■ **Exercise description**: Omit the pictures and return exactly the stretch of the material below from the line with "We welcome you" through the line with "This abstract is".

■ **Given records**:
((
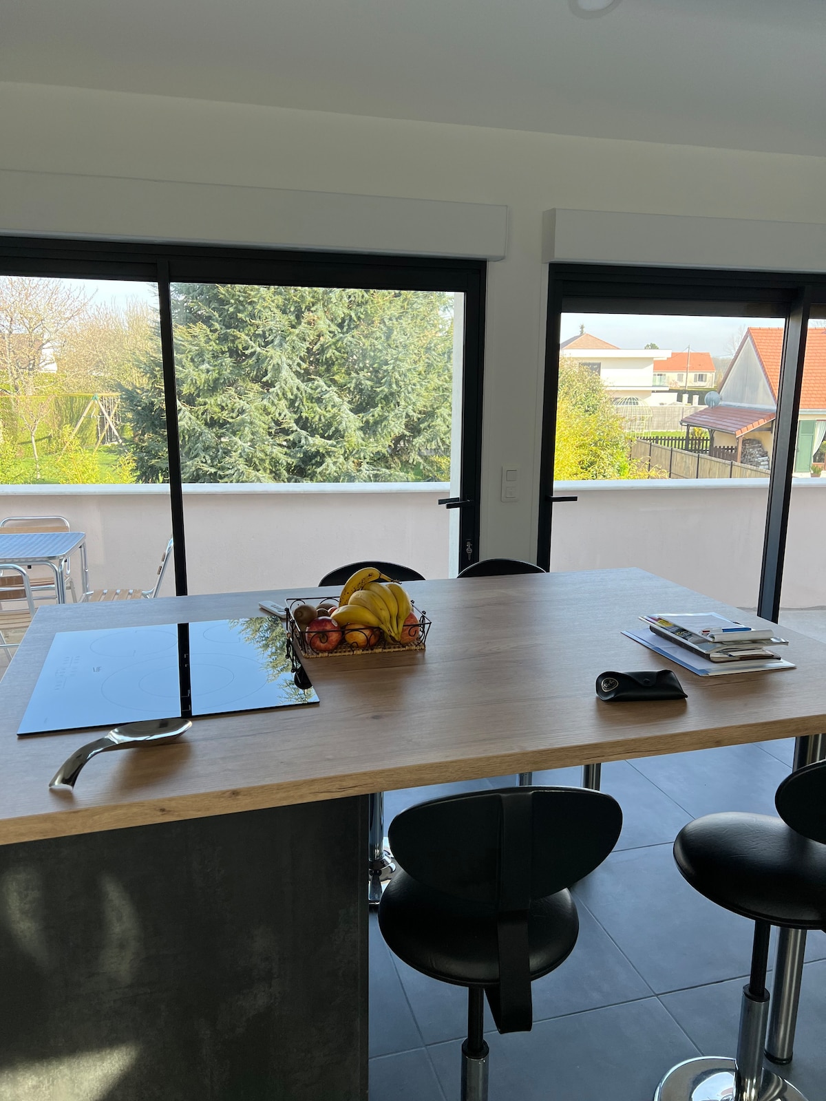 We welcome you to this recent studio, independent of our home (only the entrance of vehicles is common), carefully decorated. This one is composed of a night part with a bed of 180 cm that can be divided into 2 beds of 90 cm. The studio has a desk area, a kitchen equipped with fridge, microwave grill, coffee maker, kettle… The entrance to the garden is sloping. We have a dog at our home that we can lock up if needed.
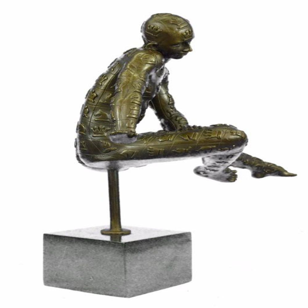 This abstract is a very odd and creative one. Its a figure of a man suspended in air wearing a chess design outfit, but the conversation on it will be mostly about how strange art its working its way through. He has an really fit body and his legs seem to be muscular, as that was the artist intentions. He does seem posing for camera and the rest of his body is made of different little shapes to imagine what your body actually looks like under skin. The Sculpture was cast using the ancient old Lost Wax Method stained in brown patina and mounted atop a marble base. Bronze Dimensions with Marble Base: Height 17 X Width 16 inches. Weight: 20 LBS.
))
((
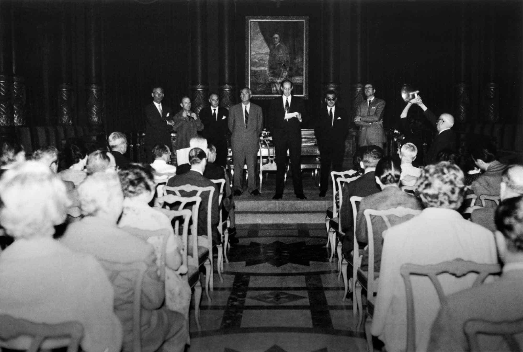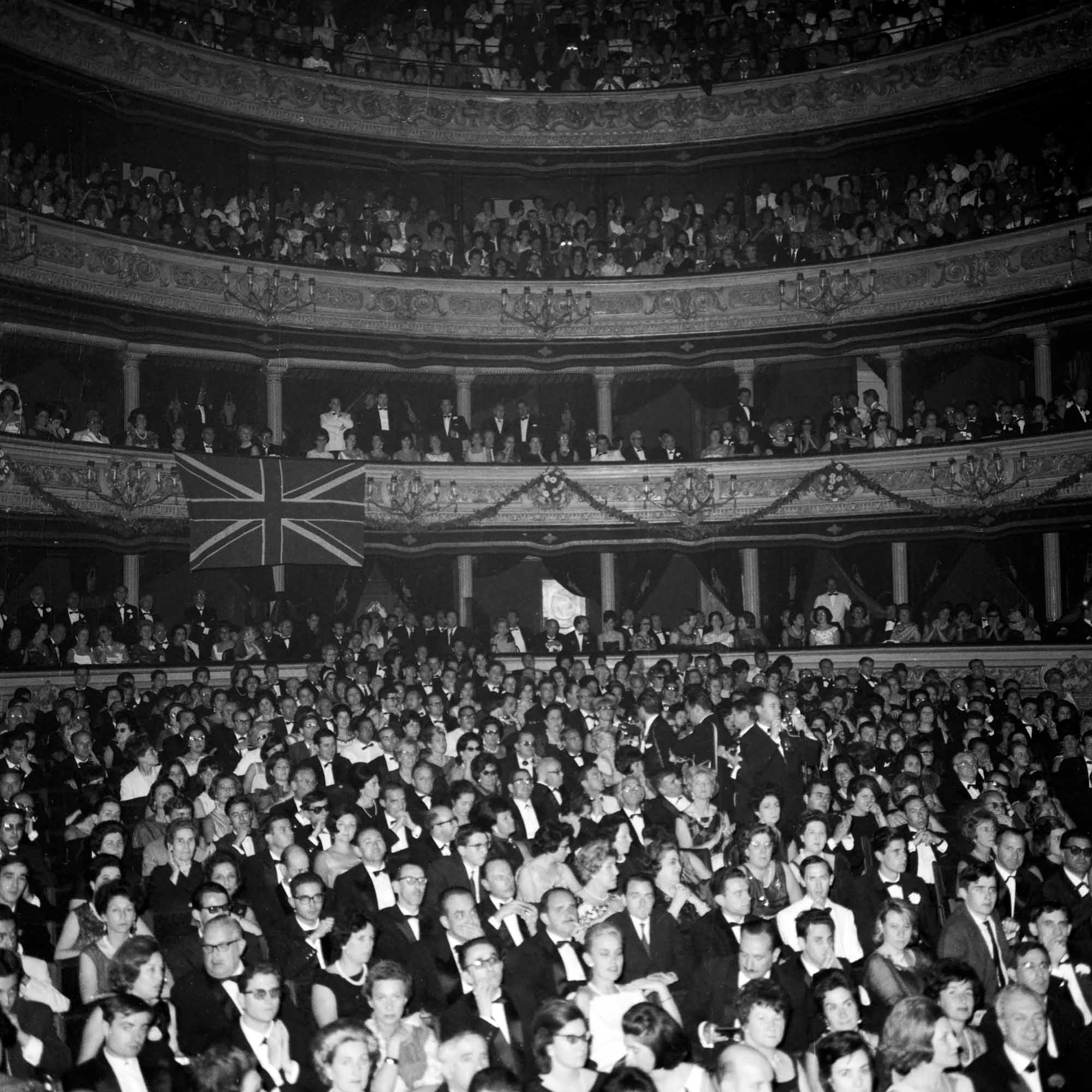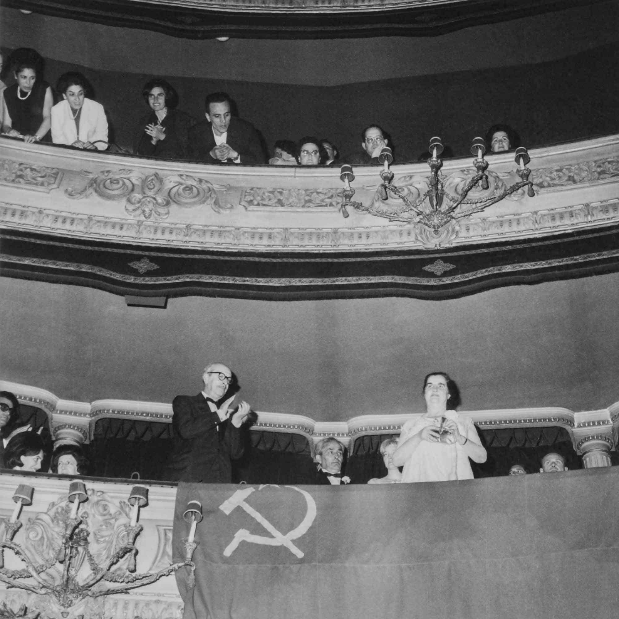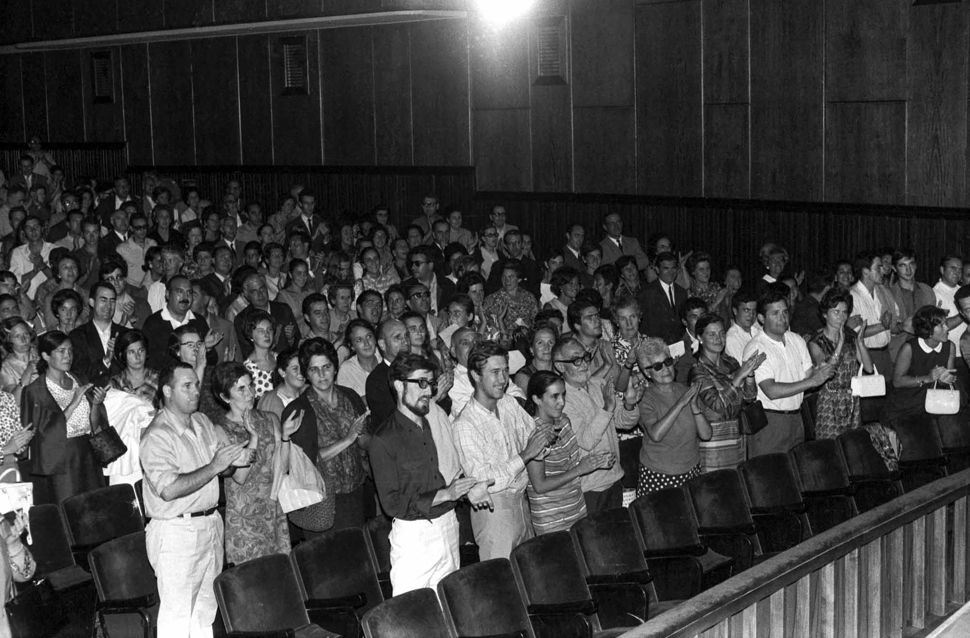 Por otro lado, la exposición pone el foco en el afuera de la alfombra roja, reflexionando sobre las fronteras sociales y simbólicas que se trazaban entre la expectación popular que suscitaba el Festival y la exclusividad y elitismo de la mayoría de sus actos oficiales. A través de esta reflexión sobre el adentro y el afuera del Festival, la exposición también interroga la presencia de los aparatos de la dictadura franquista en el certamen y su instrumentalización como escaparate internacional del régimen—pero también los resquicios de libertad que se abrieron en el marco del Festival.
))
((
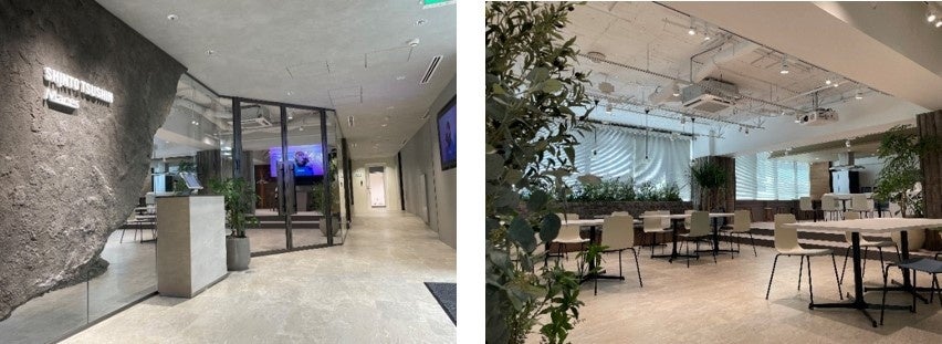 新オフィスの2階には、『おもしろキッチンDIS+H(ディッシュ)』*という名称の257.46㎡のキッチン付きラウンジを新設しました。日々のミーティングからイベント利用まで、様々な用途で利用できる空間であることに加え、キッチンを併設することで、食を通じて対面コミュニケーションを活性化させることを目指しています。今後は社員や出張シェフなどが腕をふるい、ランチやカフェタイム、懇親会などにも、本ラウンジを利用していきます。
))
■ **Output for this task**:
 We welcome you to this recent studio, independent of our home (only the entrance of vehicles is common), carefully decorated. This one is composed of a night part with a bed of 180 cm that can be divided into 2 beds of 90 cm. The studio has a desk area, a kitchen equipped with fridge, microwave grill, coffee maker, kettle… The entrance to the garden is sloping. We have a dog at our home that we can lock up if needed.
 This abstract is a very odd and creative one. Its a figure of a man suspended in air wearing a chess design outfit, but the conversation on it will be mostly about how strange art its working its way through. He has an really fit body and his legs seem to be muscular, as that was the artist intentions. He does seem posing for camera and the rest of his body is made of different little shapes to imagine what your body actually looks like under skin. The Sculpture was cast using the ancient old Lost Wax Method stained in brown patina and mounted atop a marble base. Bronze Dimensions with Marble Base: Height 17 X Width 16 inches. Weight: 20 LBS.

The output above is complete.